> [PROVIDED RECORDS]:
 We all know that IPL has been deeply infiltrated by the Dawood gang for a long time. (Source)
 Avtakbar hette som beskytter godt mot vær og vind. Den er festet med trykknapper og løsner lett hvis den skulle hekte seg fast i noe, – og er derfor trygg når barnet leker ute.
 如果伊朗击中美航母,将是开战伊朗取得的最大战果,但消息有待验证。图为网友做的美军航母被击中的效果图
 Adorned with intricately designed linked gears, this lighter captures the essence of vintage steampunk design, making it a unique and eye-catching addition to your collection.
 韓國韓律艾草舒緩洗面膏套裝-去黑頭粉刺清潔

==

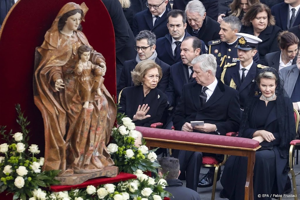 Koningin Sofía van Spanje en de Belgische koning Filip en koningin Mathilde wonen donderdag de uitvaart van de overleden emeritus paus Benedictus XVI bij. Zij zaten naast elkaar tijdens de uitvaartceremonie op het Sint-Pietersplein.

> [TASK OBJECTIVE]:
In the records above, find the line with "We all know"; write out exactly that line and each one after it, stopping after the line with "韓國韓律艾草舒緩洗面膏套裝-去黑頭粉刺清潔".

> [SOLUTION TO THIS TASK]:
 We all know that IPL has been deeply infiltrated by the Dawood gang for a long time. (Source)
 Avtakbar hette som beskytter godt mot vær og vind. Den er festet med trykknapper og løsner lett hvis den skulle hekte seg fast i noe, – og er derfor trygg når barnet leker ute.
 如果伊朗击中美航母,将是开战伊朗取得的最大战果,但消息有待验证。图为网友做的美军航母被击中的效果图
 Adorned with intricately designed linked gears, this lighter captures the essence of vintage steampunk design, making it a unique and eye-catching addition to your collection.
 韓國韓律艾草舒緩洗面膏套裝-去黑頭粉刺清潔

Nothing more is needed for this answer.